While developing a new classifier class which has fit, predictand predict_proba methods, it worked fine locally on jupyter but unfortunately it did not work with ramp tests. You can find the error in the attached image. In fact, I checked the source code of ramp and I understood that it uses predict_proba for the CV that's why it asks for a 2D array, although my classifier's predict_proba works well and gives a 2D array. Prof. @tomMoral suggested to add an estimator._estimator_type = 'classifier' which solved the problem. As an enhancement, the problem can be solved by automatically adding this estimator type to the estimator by ramp, or check the ._estimator_type attribute before running the predictions and arise the error that expected ._estimator_type = 'classifier' but found... as done by sklean library.

image

agramfort commented 3 years ago

yes the problem is that the KerasClassifier class returns False to the sklearn is_classifier function

you should report this issue on the Keras issue tracker

BadrAlpha07 commented 3 years ago

Thanks you for your response, I thought their should be a problem with the keras classifier, but it works fine in ramps. But in our case I tried with another trees classifiers and put it as an estimator in my classifier class below and arise same error. So I think the issue in this case is with the class that I built, which works fine in jupyter.

class Classifier(BaseEstimator):
    def __init__(self, estimator):
        self.estimator = estimator

    def fit(self, X, y=None, **kwargs):
        self.estimator.fit(X, y)
        return self

    def predict(self, X, y=None):
        return self.estimator.predict(X)

    def predict_proba(self, X):
        return self.estimator.predict_proba(X)

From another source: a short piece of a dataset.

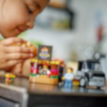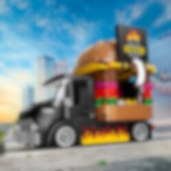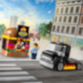 Laad de hamburgertruck vol en ga naar de hipsterwijk in LEGO® City. Klap het serviceluik omhoog om het uithangbord te laten zien, ga naar het keukengedeelte en serveer het populairste fastfood van de stad aan de coolste klanten. Als je klaar bent,spring je achter het stuur en rijd je met deze geweldige foodtruck naar de volgende locatie!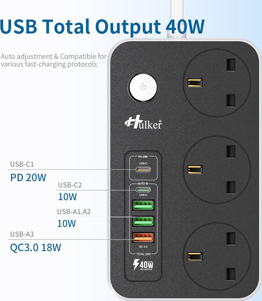 • Type: Multi Plug Extension Lead with USB-C

    def score(self, X, y):
        return self.estimator.score(X, y)

Thank you again for this amazing tool ramp-workflow that helped me a lot with evaluating my models.

tomMoral commented 3 years ago

I asked @BadrAlpha07 to open this issue because several students had issues understanding what was the problem with there submissions for classifiers that where not detected as such.

I think having a more comprehensible error (for instance a warning with the error to suggest to check for _estimator_type) or an automated way to deal with this would be nice.